Friday, July 23, 2010

Which side are you on? #3

"It is better to vote for what you want and not get it than it is to vote for what you don't want and get it." - Eugene V. Debs

Updated Another thing that brought forth the issue of Which side are you on? was something I expect you heard about: the Politico article that claimed that
[i]n private conversations, White House officials are contemptuous of what they see as liberal lamentations unhinged from historical context or contemporary political realities.
That was taken as a slap against anyone, especially among lefty bloggers, claiming the description of progressive who was critical of Obama's performance in office. It was greeted in some such quarters with a loud harrumph.

In case anyone missed the White House message, earlier in the same Politico piece, in a less-noted reference, was found the assertion by "a top Obama adviser" that progressive dissatisfaction with Obama is driven in part by "the culture of immediate gratification."

Or, to put it more bluntly, if you are not prepared to just shut up except to celebrate everything Obama, you're to be dismissed as an impatient child who just doesn't understand the real world. After all, Daddy knows best.

That is how they think of us. In their minds, we are not citizens to be engaged or commentators to be considered, we are troops to be deployed on behalf of their agenda and, failing that, unimportant know-nothings to be ignored - except, occasionally, to be the selective target of sneers deployed in a woebegone attempt to prove their conservative bona fides to the reactionaries they are perpetually trying to flatter.

Breathlessly eager to be done with the darkness of George Bush, too many of us put our faith in the good intentions of - and to that same degree our futures in the hands of - the cockamamie idea that if only we'd get a few more "good Democrats" in office, all would be well.
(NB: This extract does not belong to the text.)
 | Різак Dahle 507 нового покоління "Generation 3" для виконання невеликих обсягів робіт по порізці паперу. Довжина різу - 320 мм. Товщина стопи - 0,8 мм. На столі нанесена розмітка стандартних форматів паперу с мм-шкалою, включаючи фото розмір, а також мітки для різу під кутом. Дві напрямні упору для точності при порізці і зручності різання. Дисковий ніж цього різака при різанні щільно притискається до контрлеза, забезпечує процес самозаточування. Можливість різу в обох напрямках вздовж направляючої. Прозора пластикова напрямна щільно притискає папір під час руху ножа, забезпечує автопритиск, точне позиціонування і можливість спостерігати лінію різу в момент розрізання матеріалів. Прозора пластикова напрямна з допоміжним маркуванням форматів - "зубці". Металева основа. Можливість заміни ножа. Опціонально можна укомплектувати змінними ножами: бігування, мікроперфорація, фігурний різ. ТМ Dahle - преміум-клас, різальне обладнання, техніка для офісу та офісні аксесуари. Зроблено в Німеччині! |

When our collective ego got stroked by being told "We are the change we've been waiting for," we took the bait.

And they set the hook.

Yet still, now, there are so many, so many loyalists still welcoming the digging in of the barb, so many who are as eager as adoring puppies to take whatever they are offered, no matter how little it is or how much that little by its nature is actually destructive of future progress: So many even now have failed to learn that something is not always better than nothing. The times are still dark.
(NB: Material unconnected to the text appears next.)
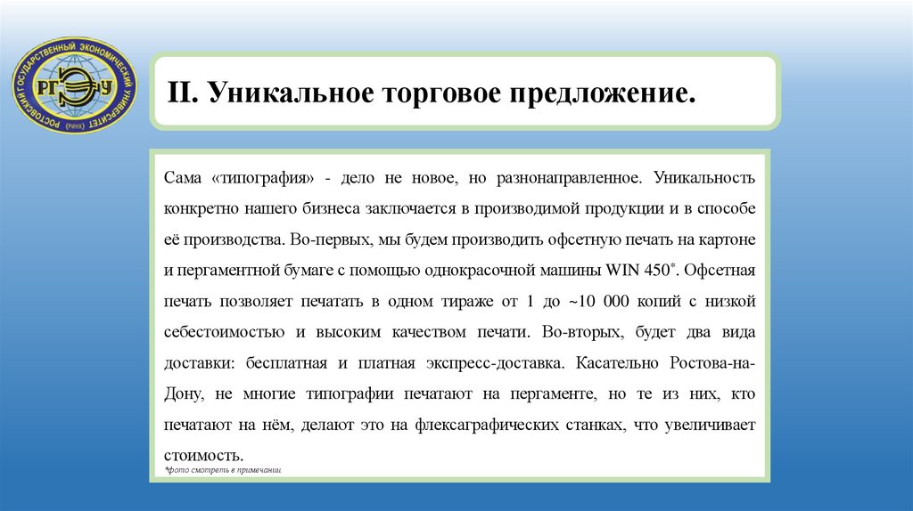 II. Уникальное торговое предложение.Сама «типография» - дело не новое, но разнонаправленное. Уникальность
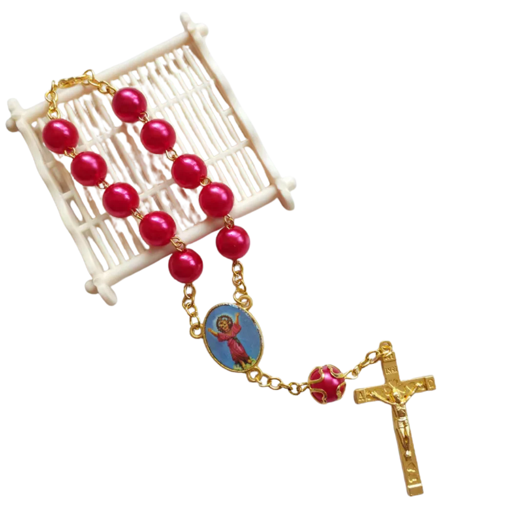 Featuring luminous faux pearl beads, this handmade decade rosary is accented with a gold-plated crucifix and a devotional medal (design may vary). Its compact size makes it ideal for carrying in a pocket, purse, or car, ensuring prayers are always close at hand. The polished pearl finish adds elegance, while the sturdy gold-tone chain ensures durability for daily use. Perfect for children, adults, or as a meaningful religious gift.

Hillary Clinton. Timothy Geithner. Robert Gates. Rahm Emanuel. Ken Salazar. Tom Vilsack. The Obama team is peppered with old faces with old agendas and regulators carrying briefcases full of connections to industries and interests they are supposed to regulate and oversee but whose friends they actually are.

These people are not on our side, the side of the underdogs, the victims, the outsiders, the have-nots, the oppressed hungry landless. And they never will be.

Can they - at least some of them - be useful allies on particular limited causes at particular times? Yes, surely. So they still should be lobbied, petitioned, pressured. But do it knowing that when those causes are pushed to the point where they really impact the prerogatives of the powerful, you will perhaps suddenly find that your assistance no longer required, your counsel is no longer desired, your opinions are no longer regarded as having merit.

Can sufficient political and social pressure move them beyond that point, move in ways and to extents they would prefer to avoid? Absolutely. But again, know going in what will be required. Because they are not on our side.

Updated with a Footnote: In comments, JayV points to this highly-relevant commentary from December by Chris Hedges.


JayV said...

We're screwed. This still holds (from Chris Hedges last December)

Lotus said...

Thanks for the link! From the time I read War is a Force That Gives Us Meaning on I have found Chris Hedges to be someone a little too convinced of his own purity, but that trait does not itself invalidate the things he says.